• [PROVIDED MATERIAL]

○ ○ ○ ○ ○ ○ ○

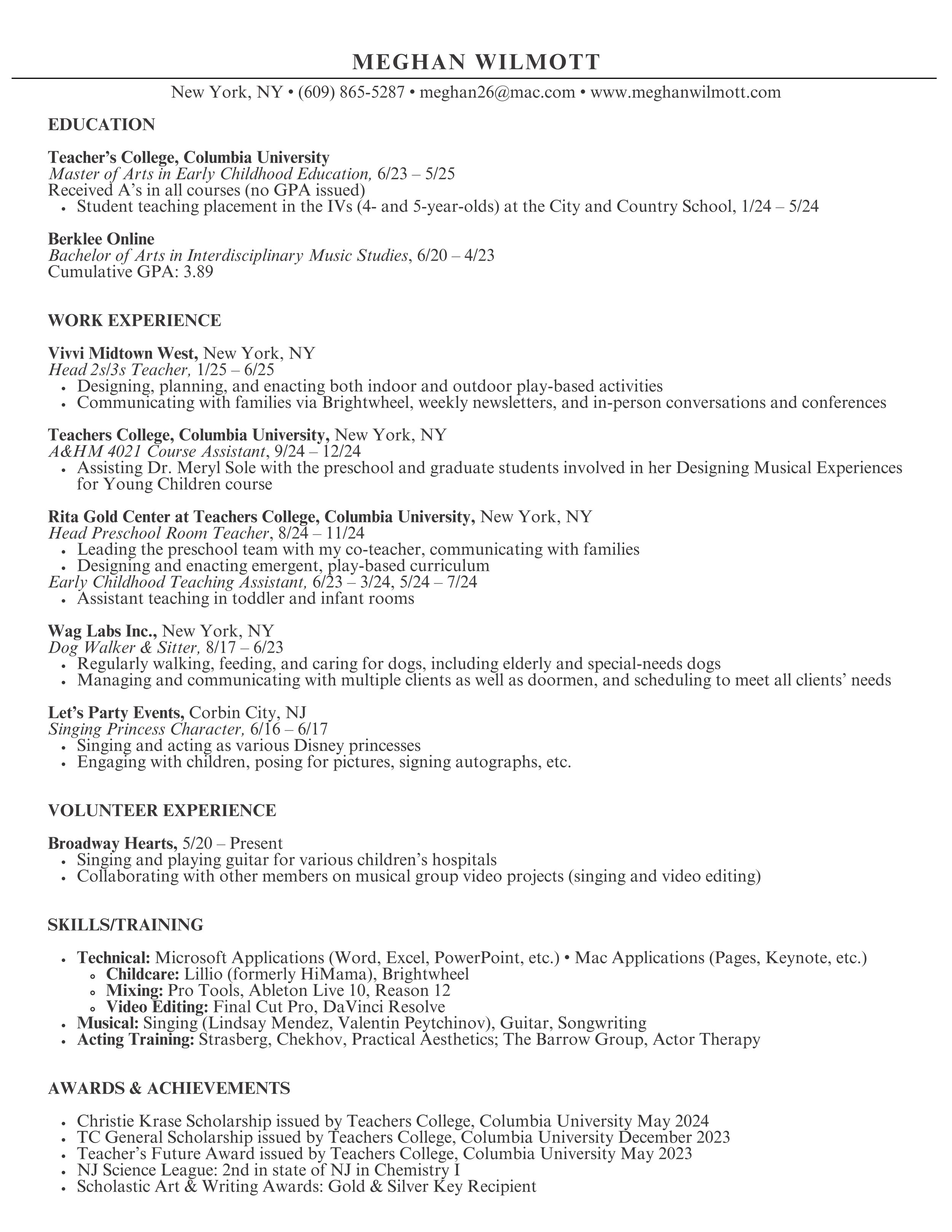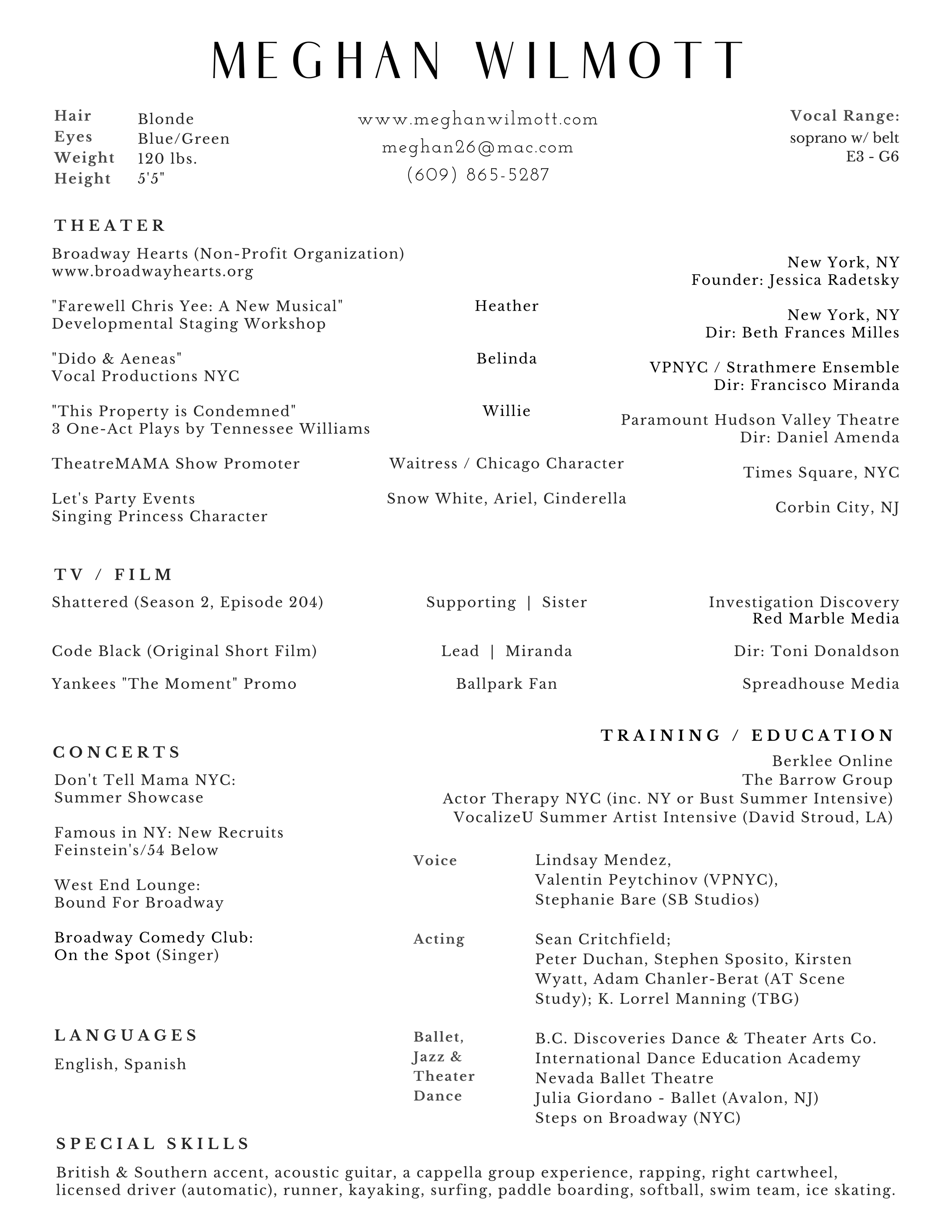 Scroll down to view Meghan Wilmott’s resume & performance resume ↓
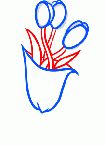 Dibujar en los tallos y luego añadir algunas hojas de hoja larga agradable. Usted también necesitará dibujar la línea de abrigo detrás de los tallos de las flores.
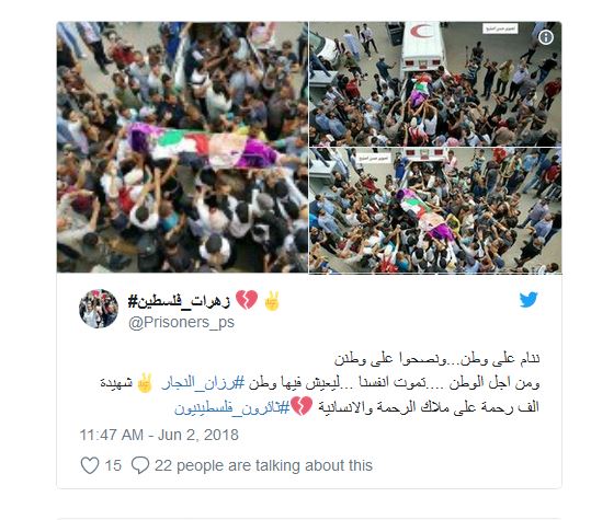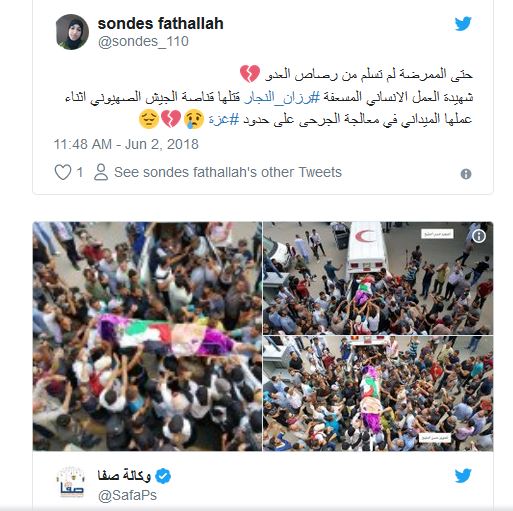 وسلّط المغردون الضوء على قيم وإنجازات النجار (21 عاماً) الإنسانية، كما شددوا على ضرورة محاسبة الاحتلال الإسرائيلي على جرائمه، وشاركوا صوراً وفيديوهات نقلت مراسم تشييع جثمانها، اليوم السبت.
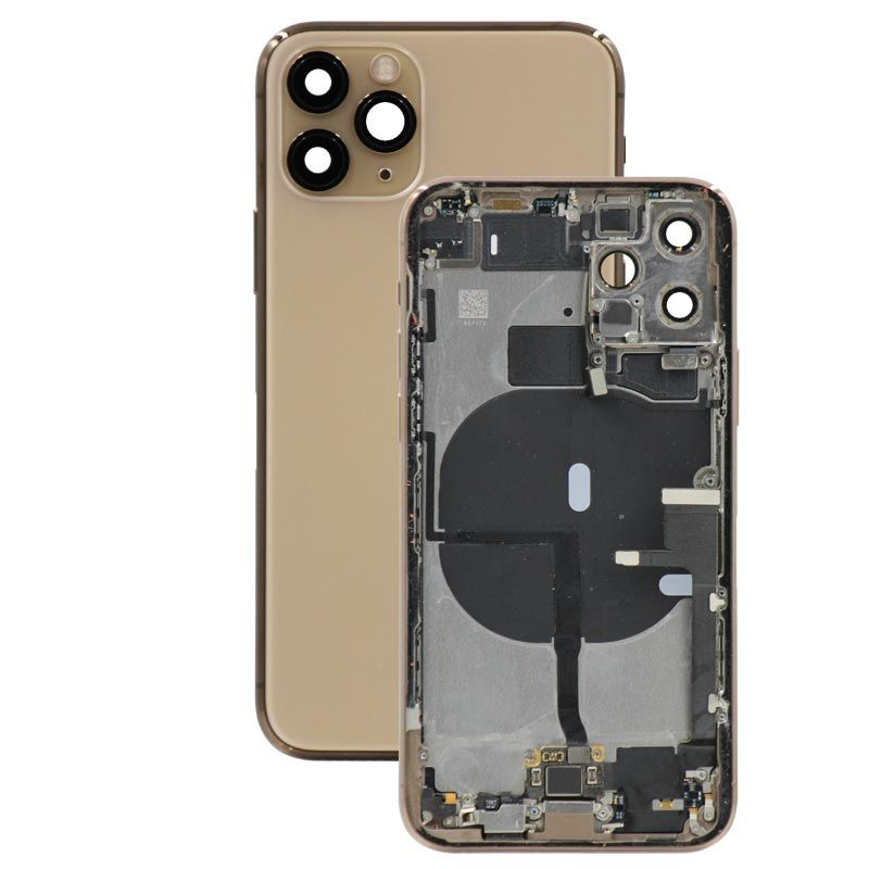 غطاء خلفي كامل مع أجزاء صغيرة، باستثناء البطارية والكاميرا الخلفية، ذهبي اللون؛ متوافق مع ايفون 11 برو (A2215/A2160/A2217).

○ ○ ○ ○ ○ ○ ○

Leaving the pictures aside, transcribe the entire listing exactly.

• [RESULT OF THE EXERCISE]
 Scroll down to view Meghan Wilmott’s resume & performance resume ↓
 Dibujar en los tallos y luego añadir algunas hojas de hoja larga agradable. Usted también necesitará dibujar la línea de abrigo detrás de los tallos de las flores.
 وسلّط المغردون الضوء على قيم وإنجازات النجار (21 عاماً) الإنسانية، كما شددوا على ضرورة محاسبة الاحتلال الإسرائيلي على جرائمه، وشاركوا صوراً وفيديوهات نقلت مراسم تشييع جثمانها، اليوم السبت.
 غطاء خلفي كامل مع أجزاء صغيرة، باستثناء البطارية والكاميرا الخلفية، ذهبي اللون؛ متوافق مع ايفون 11 برو (A2215/A2160/A2217).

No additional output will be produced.